Required action » All lines below between the line with "冰洗主要为更新需求,产品升级" and the line with "Occhi adesivi resinati", including both, must be copied exactly, and the pictures must be omitted.

Given information »
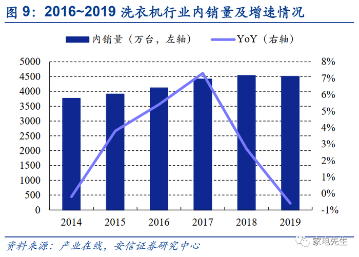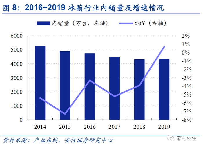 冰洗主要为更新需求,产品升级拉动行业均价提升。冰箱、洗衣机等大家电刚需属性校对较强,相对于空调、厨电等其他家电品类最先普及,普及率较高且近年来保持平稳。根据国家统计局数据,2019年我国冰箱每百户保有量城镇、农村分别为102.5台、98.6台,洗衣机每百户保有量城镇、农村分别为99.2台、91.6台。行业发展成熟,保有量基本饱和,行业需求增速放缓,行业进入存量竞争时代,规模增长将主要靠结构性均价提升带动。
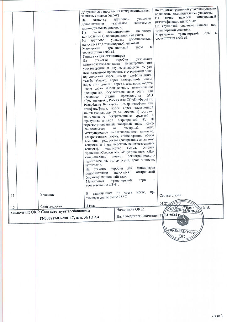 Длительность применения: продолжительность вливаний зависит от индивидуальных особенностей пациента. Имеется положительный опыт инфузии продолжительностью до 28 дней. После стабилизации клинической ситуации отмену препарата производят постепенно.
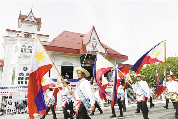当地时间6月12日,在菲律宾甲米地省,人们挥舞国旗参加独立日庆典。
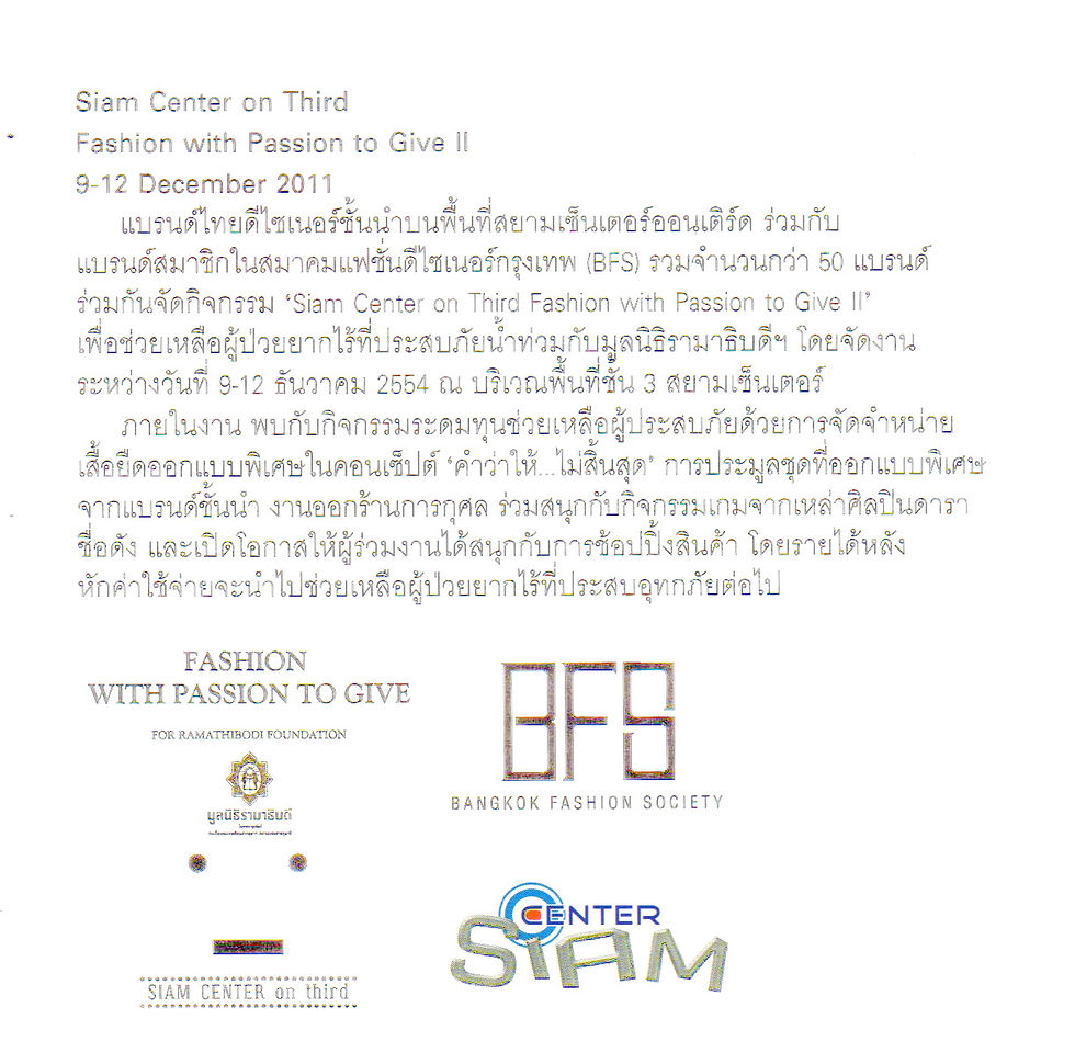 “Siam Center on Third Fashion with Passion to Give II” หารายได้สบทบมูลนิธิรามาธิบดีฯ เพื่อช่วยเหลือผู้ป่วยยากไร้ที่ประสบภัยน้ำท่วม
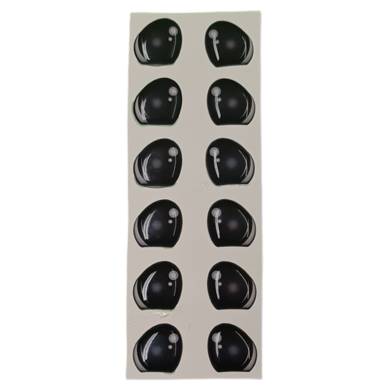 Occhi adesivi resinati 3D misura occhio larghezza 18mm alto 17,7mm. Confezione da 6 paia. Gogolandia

* * *

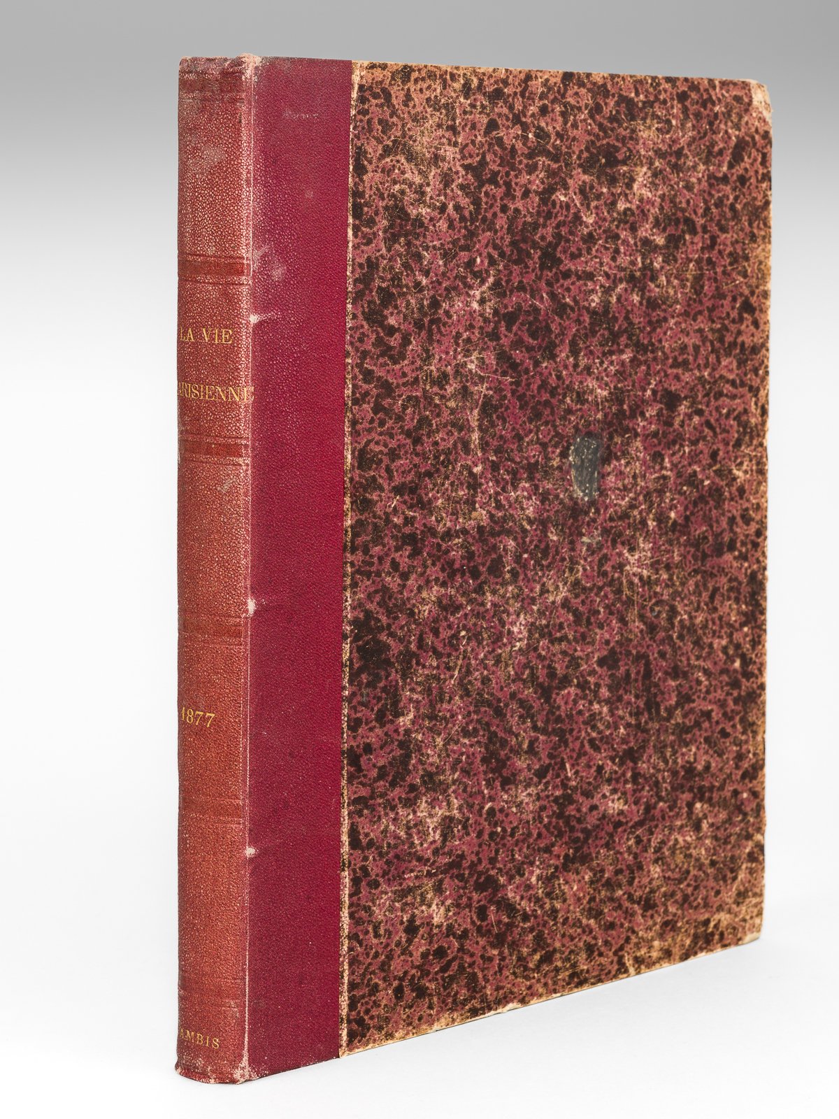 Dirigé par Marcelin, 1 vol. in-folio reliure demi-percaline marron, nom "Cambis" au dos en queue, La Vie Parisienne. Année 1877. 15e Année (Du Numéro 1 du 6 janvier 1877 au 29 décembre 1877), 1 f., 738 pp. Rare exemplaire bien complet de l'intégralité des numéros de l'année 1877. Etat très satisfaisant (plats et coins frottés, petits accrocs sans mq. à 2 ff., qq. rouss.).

Answer area »
 冰洗主要为更新需求,产品升级拉动行业均价提升。冰箱、洗衣机等大家电刚需属性校对较强,相对于空调、厨电等其他家电品类最先普及,普及率较高且近年来保持平稳。根据国家统计局数据,2019年我国冰箱每百户保有量城镇、农村分别为102.5台、98.6台,洗衣机每百户保有量城镇、农村分别为99.2台、91.6台。行业发展成熟,保有量基本饱和,行业需求增速放缓,行业进入存量竞争时代,规模增长将主要靠结构性均价提升带动。
 Длительность применения: продолжительность вливаний зависит от индивидуальных особенностей пациента. Имеется положительный опыт инфузии продолжительностью до 28 дней. После стабилизации клинической ситуации отмену препарата производят постепенно.
当地时间6月12日,在菲律宾甲米地省,人们挥舞国旗参加独立日庆典。
 “Siam Center on Third Fashion with Passion to Give II” หารายได้สบทบมูลนิธิรามาธิบดีฯ เพื่อช่วยเหลือผู้ป่วยยากไร้ที่ประสบภัยน้ำท่วม
 Occhi adesivi resinati 3D misura occhio larghezza 18mm alto 17,7mm. Confezione da 6 paia. Gogolandia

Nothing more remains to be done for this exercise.